Introduction

The conventional view of breast cancer progression is that cancer first begins in the ducts (or lobules) as in situ disease, then invades the surrounding breast tissue prior to metastasizing to distant sites [1]. It is presumed that invasion within the breast (i.e., beyond the basement membrane) is a prerequisite for distant metastasis, and that following invasion, as cancers enlarge, they increase in their propensity to metastasize. In this model, ductal carcinoma in situ (DCIS) is as a nonlethal precursor lesion, whereas invasive breast cancer has acquired the propensity to grow and to metastasize [1]. An ipsilateral invasive breast cancer which is observed after DCIS may be described as either a new primary cancer or as an invasive local recurrence [2, 3]. In contrast, most ipsilateral in-breast events following invasive breast cancer are classified as local recurrences [4].

In patients with invasive breast cancer, preventing the development of ipsilateral invasive recurrence (with radiotherapy or with mastectomy) does not prevent death from breast cancer [5, 6]. This is similar to the situation for local recurrences following DCIS [711], and suggests that an in-breast invasive event following a case of DCIS may be better characterized as an invasive local recurrence than as a new primary cancer. However, it is not clear if the distinction between invasive recurrences and invasive primary cancers is clinically relevant. In this study, we analyzed data from the SEER Registry and asked if, among all women with a stage I or II invasive breast cancer (either a first primary cancer or an in-breast malignant cancer following a diagnosis of DCIS), the history of DCIS influences survival.

Methods

Data source

We abstracted data from the most recent SEER18 registries research database (November 2013 submission). The SEER18 database contains data from the SEER9 registries (Atlanta, Connecticut, Detroit, Hawaii, Iowa, New Mexico, San Francisco-Oakland, Seattle-Puget Sound, and Utah), the SEER13 registries (SEER 9 plus Los Angeles, San Jose-Monterey, Rural Georgia, and the Alaska Native Tumor Registry), and the registries of Greater California, Kentucky, Louisiana, New Jersey, and Greater Georgia. In total, the SEER18 database covers approximately 28 % of the total US population (based on the 2010 Census). We submitted the Data Agreement Form to access the SEER data files.

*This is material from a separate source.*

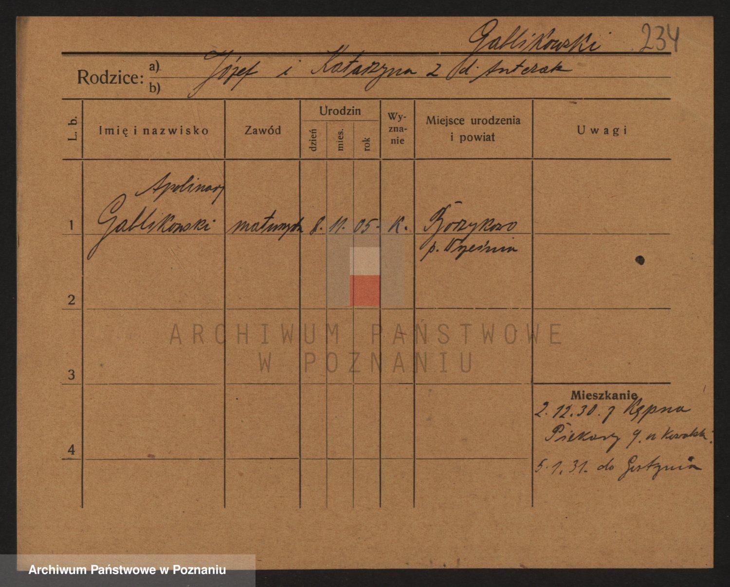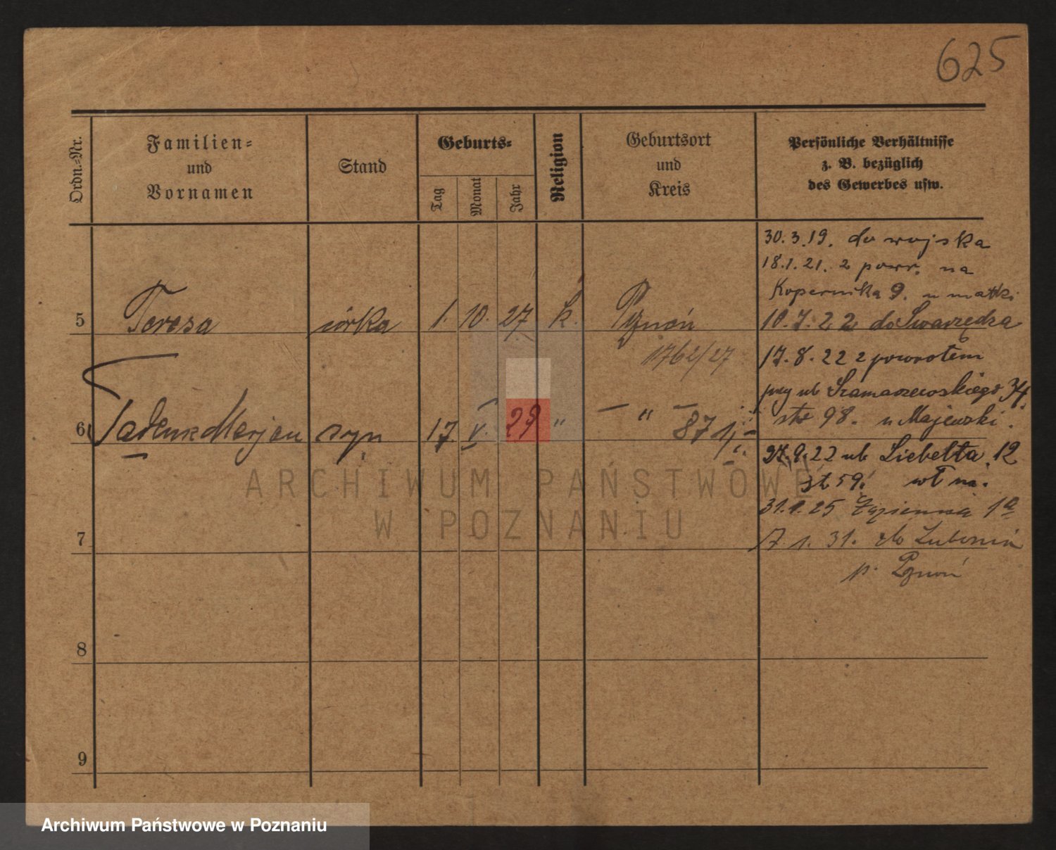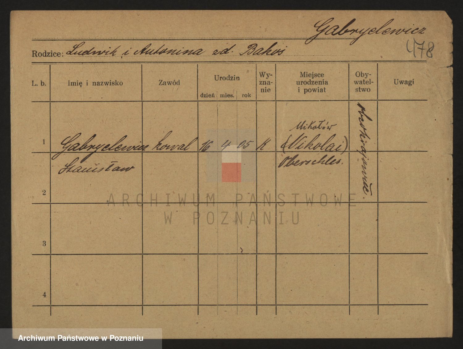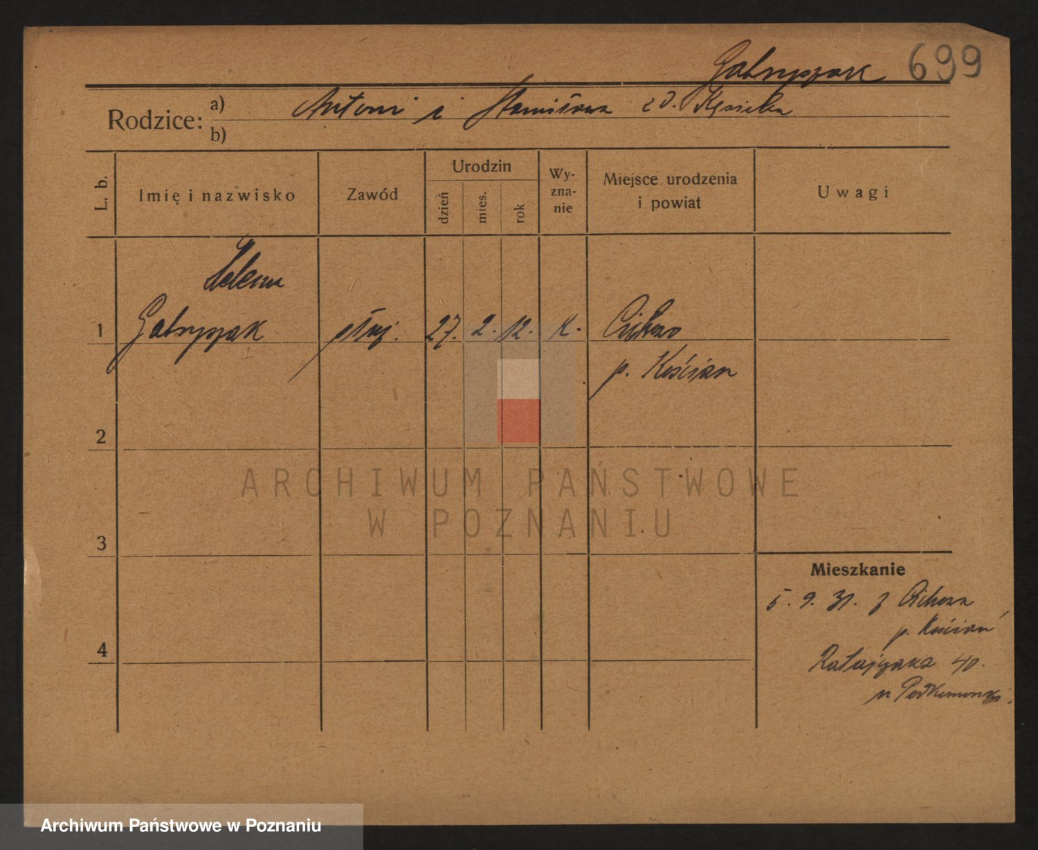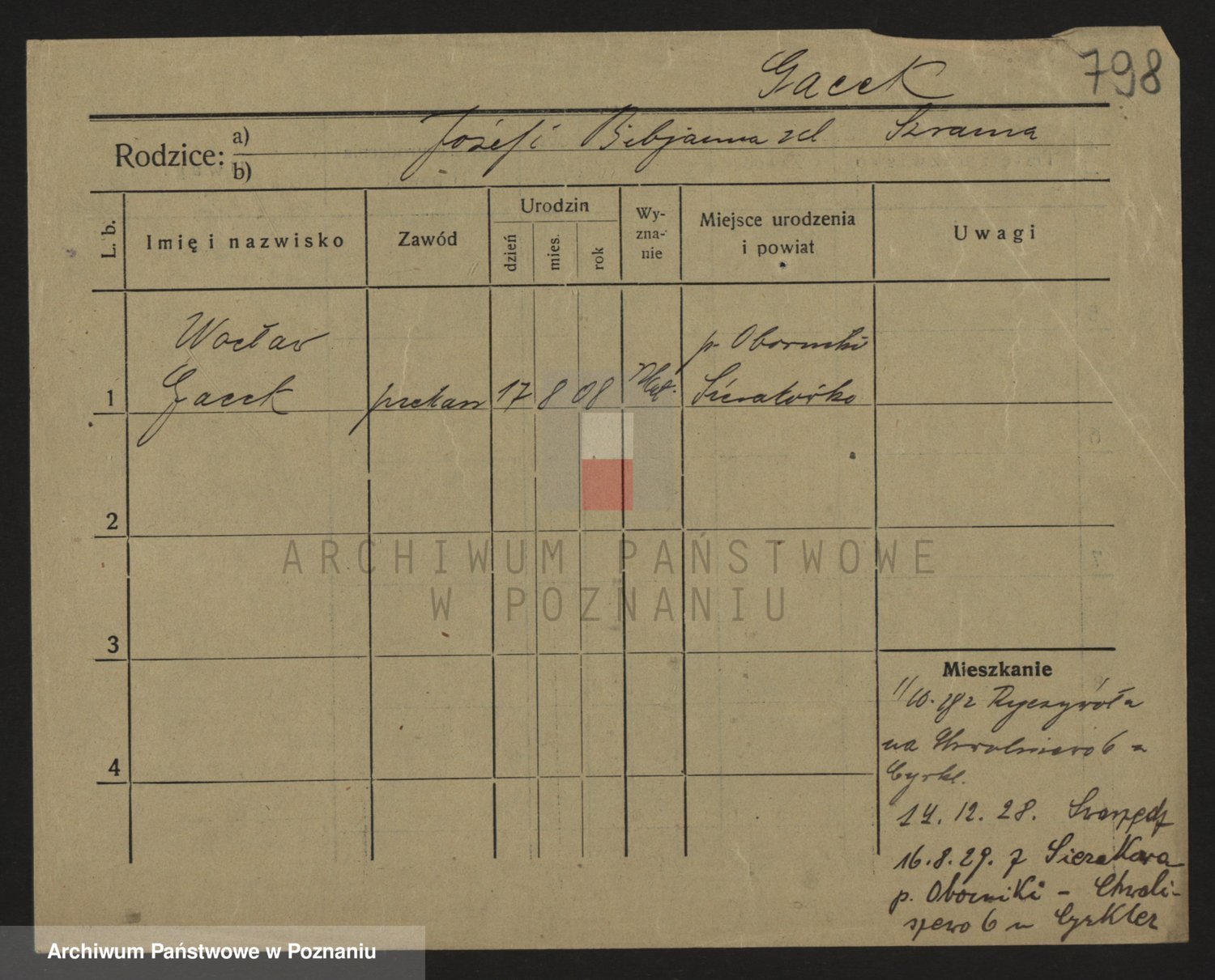 Podgląd karty osobowej dostępny jest po kliknięciu na nazwisko lub ikonkę karty. Można dokonywać powiększenia (ikony na górze) lub przechodzić między kolejnymi skanami (strzałki po bokach).

The SEER registry does not routinely record cancer recurrences, but data coders are advised to consider cases of invasive breast cancer following DCIS to be new primaries and these are recorded. Because of this, it is possible to use the SEER database to determine whether or not the prognosis of a woman with an early-stage invasive breast cancer depends on whether or not she has a prior diagnosis of DCIS.

Cohort selection

We used the SEER*Stat version 8.2.1 to perform a case-listing session and retrieved cases of all women who were diagnosed with primary stage I or stage II breast cancer from 2004 to 2012. For each case, we retrieved information on the year of breast cancer diagnosis, age of diagnosis, tumor size, nodal status, estrogen receptor (ER) status, treatments received (type of surgery and use of radiotherapy), prior DCIS diagnosis, race/ethnicity, cause of death, and follow-up time in years. For patients with a prior diagnosis of primary DCIS, we recorded the date of diagnosis, the laterality (ipsilateral or contralateral to the invasive breast cancer), and the treatments received (type of surgery and use of radiotherapy).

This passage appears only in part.